Discussion in 'Architecture and Products' started by Deleted member 90741, May 20, 2021.

  1. Kaotik

    Kaotik Drunk Member
    Legend

    Joined:
    Apr 16, 2003
    Messages:
    10,244
    Likes Received:
    4,465
    Location:
    Finland
    Yeah, just like DLSS would be DLUS, upsampling instead of supersampling.

    Why do you bring tensor cores up on this? They're completely irrelevant to both DLSS and whatever AMD brings up.
    Having matrix crunchers (NVIDIAs Tensor cores, AMDs Matrix cores) can make things run faster if the load fits to run on them, but it's not the only way to make 'em go and not necessarily the optimal way either.
     
    milk likes this.
  2. PSman1700

    Legend

    Joined:
    Mar 22, 2019
    Messages:
    7,118
    Likes Received:
    3,090
    It was in relation to the consoles being mentioned, not dGPUs from AMD.
     
  3. Kaotik

    Kaotik Drunk Member
    Legend

    Joined:
    Apr 16, 2003
    Messages:
    10,244
    Likes Received:
    4,465
    Location:
    Finland
    Consoles, dGPUs, iGPUs, it doesn't matter which hardware it is. DLSS (current versions, doesn't apply to late 1.x versions) is running on tensor cores because the tensor cores were there anyway. It doesn't mean it's the optimal way to run even DLSS, let alone other scaling technologies.
     
    milk likes this.
  4. PSman1700

    Legend

    Joined:
    Mar 22, 2019
    Messages:
    7,118
    Likes Received:
    3,090
    Aha, sounds very strange, NV must be blatantly lying in that case. But it isnt the thread for it.
    FSR being cross platform might not be as capable, thought what i do support is cross-platform functionality (like ray tracing is available on basically everything).
     
  5. Kaotik

    Kaotik Drunk Member
    Legend

    Joined:
    Apr 16, 2003
    Messages:
    10,244
    Likes Received:
    4,465
    Location:
    Finland
    To clarify: It might run better on Tensors than CUDA cores, especially since it frees up CUDA cores to work on other things, but then CUDA cores don't have similar 4/1 INT8 and 8/1 INT4 support AMD has, it might run even better on those if the precisions are enough (at least if you disregard that you're occupying units which could be doing something else), we don't know because we don't really know how everything works under the hood.
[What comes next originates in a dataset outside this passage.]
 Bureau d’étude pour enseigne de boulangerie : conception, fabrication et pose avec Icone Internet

But tensors weren't made for DLSS and they're not required to run it either. Worth pointing out that Amperes more capable and faster Tensor cores don't offer proportional boost compared to Turing Tensor cores in DLSS.
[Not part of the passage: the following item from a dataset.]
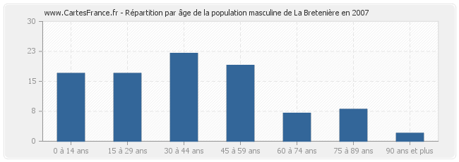 Répartition de la population masculine de La Bretenière par âge en 2007 :

    I'm not sure why being crossplatform would have anything to do with how capable FidelityFX SR (I don't like the FSR really, I think I link "FS" too strongly to "Flight Simulator") will be. I mean, even DLSS could be crossplatform if they wanted to. General cores can do matrix crunching just like tensor/matrix cores do, they're just slower at it especially if they have to use full or half precision.
     
    #25 Kaotik, May 20, 2021
    Last edited: May 20, 2021
    milk and Deleted member 13524 like this.
  6. PSman1700

    Legend

    Joined:
    Mar 22, 2019
    Messages:
    7,118
    Likes Received:
    3,090
    Absolutely, DLSS could be multiplatform but probably less performant on non RTX gpus (or forward). Specialized hardware, like the decompression units in consoles are going to be mor efficient but less flexible generally. Time will tell how all this is going to turn out. AMD has to offer something to counter DLSS tech in the pc space atleast, therefore we can be 100% sure they will come with a similar albeit different solution to the reconstruction (or upscaling?) problem sooner or later.
     
  7. Bondrewd

    Veteran

    Joined:
    Sep 16, 2017
    Messages:
    1,682
    Likes Received:
    846
    But TCs burn the shit out of regfile bandwidth (which is kinda the point).
    It's just faster.
     
    PSman1700 likes this.
  8. I think @Kaotik 's point is that if the NN inference takes 1.5ms instead of 0.5ms when the whole process is saving 10ms from a rendered frame*, then it may not be worth spending die area on tensor cores instead of just adding more compute units that are more versatile.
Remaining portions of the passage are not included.